Data excerpts:

== Segment start ==

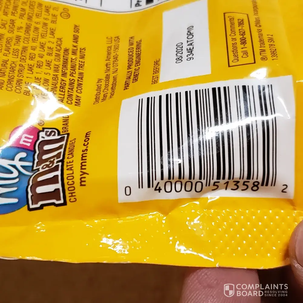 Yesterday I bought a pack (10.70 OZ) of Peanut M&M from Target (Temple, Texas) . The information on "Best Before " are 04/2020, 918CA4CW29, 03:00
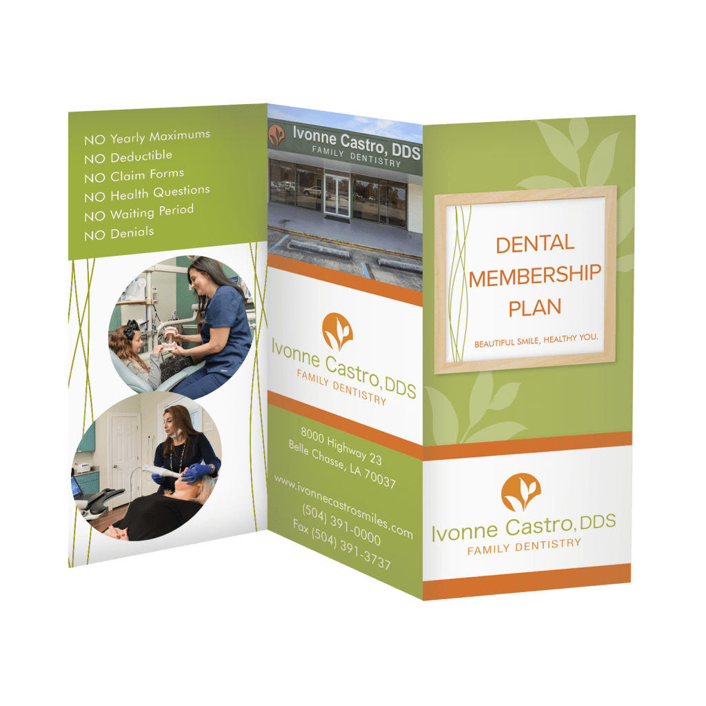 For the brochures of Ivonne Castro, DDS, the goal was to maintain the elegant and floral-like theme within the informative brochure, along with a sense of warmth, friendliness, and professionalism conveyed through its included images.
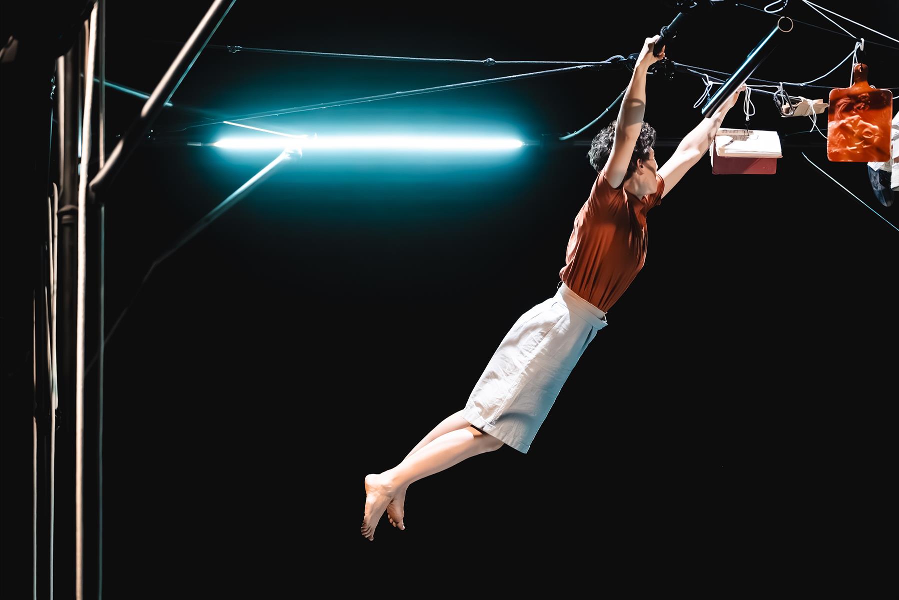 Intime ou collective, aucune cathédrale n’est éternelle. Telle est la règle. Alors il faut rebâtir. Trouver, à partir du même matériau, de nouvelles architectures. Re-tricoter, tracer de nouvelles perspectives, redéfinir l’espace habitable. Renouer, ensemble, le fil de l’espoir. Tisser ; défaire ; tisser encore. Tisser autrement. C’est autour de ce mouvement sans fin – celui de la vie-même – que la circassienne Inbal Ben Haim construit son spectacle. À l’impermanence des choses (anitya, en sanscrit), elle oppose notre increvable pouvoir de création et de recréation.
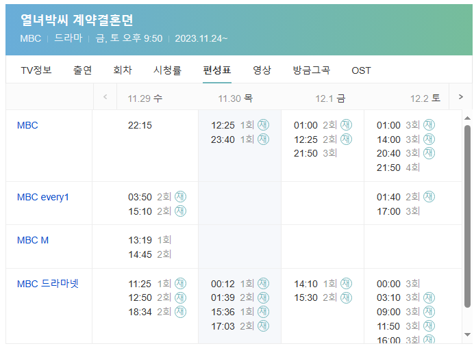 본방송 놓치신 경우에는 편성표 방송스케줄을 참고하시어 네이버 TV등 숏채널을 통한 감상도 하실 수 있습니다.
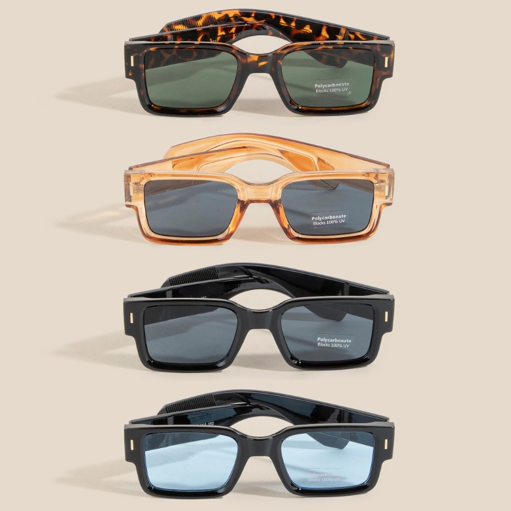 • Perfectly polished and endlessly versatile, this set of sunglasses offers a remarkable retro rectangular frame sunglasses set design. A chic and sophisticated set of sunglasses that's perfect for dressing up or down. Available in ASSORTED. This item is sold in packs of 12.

== Segment end ==

- _Task directions_
Give again, word for word, every line from the top of the entries above to the line holding "For the brochures", both included. Leave the pictures out.

- _Exercise solution_
 Yesterday I bought a pack (10.70 OZ) of Peanut M&M from Target (Temple, Texas) . The information on "Best Before " are 04/2020, 918CA4CW29, 03:00
 For the brochures of Ivonne Castro, DDS, the goal was to maintain the elegant and floral-like theme within the informative brochure, along with a sense of warmth, friendliness, and professionalism conveyed through its included images.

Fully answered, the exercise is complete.